EXTRACTED MATERIAL
------------------------------------------------------------------------
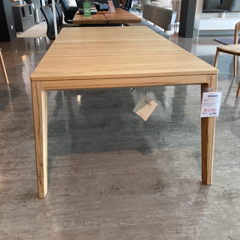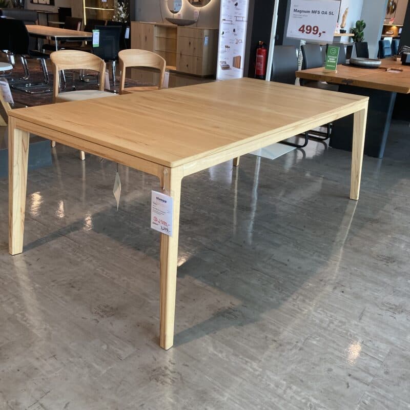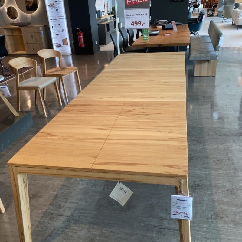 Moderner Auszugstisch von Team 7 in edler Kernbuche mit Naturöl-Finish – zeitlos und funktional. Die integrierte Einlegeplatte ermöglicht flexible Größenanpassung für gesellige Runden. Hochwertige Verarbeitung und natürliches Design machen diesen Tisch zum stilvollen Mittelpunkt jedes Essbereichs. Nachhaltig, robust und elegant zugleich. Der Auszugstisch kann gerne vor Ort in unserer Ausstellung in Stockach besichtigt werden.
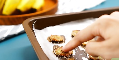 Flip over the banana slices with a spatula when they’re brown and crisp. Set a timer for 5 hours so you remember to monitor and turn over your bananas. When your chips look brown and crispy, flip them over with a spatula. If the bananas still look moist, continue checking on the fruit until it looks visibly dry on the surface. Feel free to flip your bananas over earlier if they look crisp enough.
------------------------------------------------------------------------
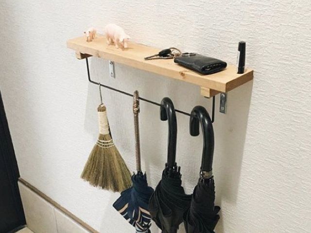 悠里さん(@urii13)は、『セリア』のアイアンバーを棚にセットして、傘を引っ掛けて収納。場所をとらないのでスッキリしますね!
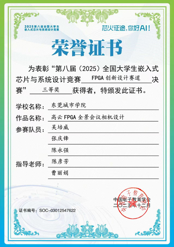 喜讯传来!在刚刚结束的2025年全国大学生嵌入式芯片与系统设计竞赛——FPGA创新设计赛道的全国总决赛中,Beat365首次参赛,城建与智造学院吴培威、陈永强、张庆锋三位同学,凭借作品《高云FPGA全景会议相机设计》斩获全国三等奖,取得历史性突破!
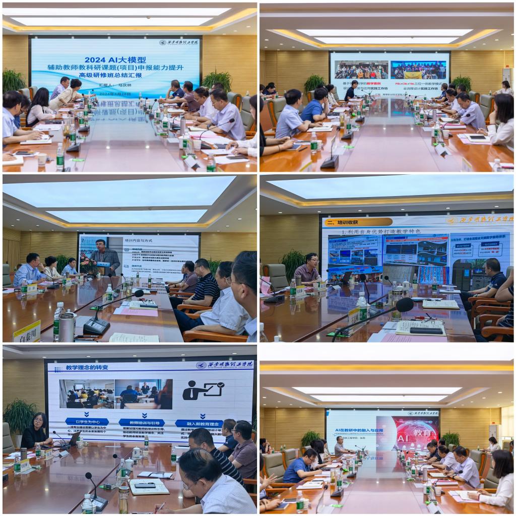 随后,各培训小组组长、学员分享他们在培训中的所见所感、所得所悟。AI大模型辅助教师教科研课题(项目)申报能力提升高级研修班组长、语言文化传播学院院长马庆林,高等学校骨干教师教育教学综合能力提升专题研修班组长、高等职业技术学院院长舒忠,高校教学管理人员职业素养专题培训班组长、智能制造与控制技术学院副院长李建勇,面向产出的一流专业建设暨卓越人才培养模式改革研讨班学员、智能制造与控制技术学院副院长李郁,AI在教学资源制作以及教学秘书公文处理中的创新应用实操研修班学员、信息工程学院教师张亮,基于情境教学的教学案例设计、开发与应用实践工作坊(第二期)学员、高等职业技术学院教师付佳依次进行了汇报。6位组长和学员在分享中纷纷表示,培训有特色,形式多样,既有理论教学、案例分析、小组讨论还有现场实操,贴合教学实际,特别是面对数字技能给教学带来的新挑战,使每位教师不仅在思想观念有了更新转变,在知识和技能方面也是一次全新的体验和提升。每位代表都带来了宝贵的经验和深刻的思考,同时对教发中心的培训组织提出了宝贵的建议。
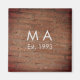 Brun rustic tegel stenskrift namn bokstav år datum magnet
------------------------------------------------------------------------
REQUIRED WORK
Beginning at the line that has "喜讯传来!在刚刚结束的202" and ending at the line that has "Brun rustic tegel", restate the listing above word for word, pictures left out.

ANSWER SPACE
 喜讯传来!在刚刚结束的2025年全国大学生嵌入式芯片与系统设计竞赛——FPGA创新设计赛道的全国总决赛中,Beat365首次参赛,城建与智造学院吴培威、陈永强、张庆锋三位同学,凭借作品《高云FPGA全景会议相机设计》斩获全国三等奖,取得历史性突破!
 随后,各培训小组组长、学员分享他们在培训中的所见所感、所得所悟。AI大模型辅助教师教科研课题(项目)申报能力提升高级研修班组长、语言文化传播学院院长马庆林,高等学校骨干教师教育教学综合能力提升专题研修班组长、高等职业技术学院院长舒忠,高校教学管理人员职业素养专题培训班组长、智能制造与控制技术学院副院长李建勇,面向产出的一流专业建设暨卓越人才培养模式改革研讨班学员、智能制造与控制技术学院副院长李郁,AI在教学资源制作以及教学秘书公文处理中的创新应用实操研修班学员、信息工程学院教师张亮,基于情境教学的教学案例设计、开发与应用实践工作坊(第二期)学员、高等职业技术学院教师付佳依次进行了汇报。6位组长和学员在分享中纷纷表示,培训有特色,形式多样,既有理论教学、案例分析、小组讨论还有现场实操,贴合教学实际,特别是面对数字技能给教学带来的新挑战,使每位教师不仅在思想观念有了更新转变,在知识和技能方面也是一次全新的体验和提升。每位代表都带来了宝贵的经验和深刻的思考,同时对教发中心的培训组织提出了宝贵的建议。
 Brun rustic tegel stenskrift namn bokstav år datum magnet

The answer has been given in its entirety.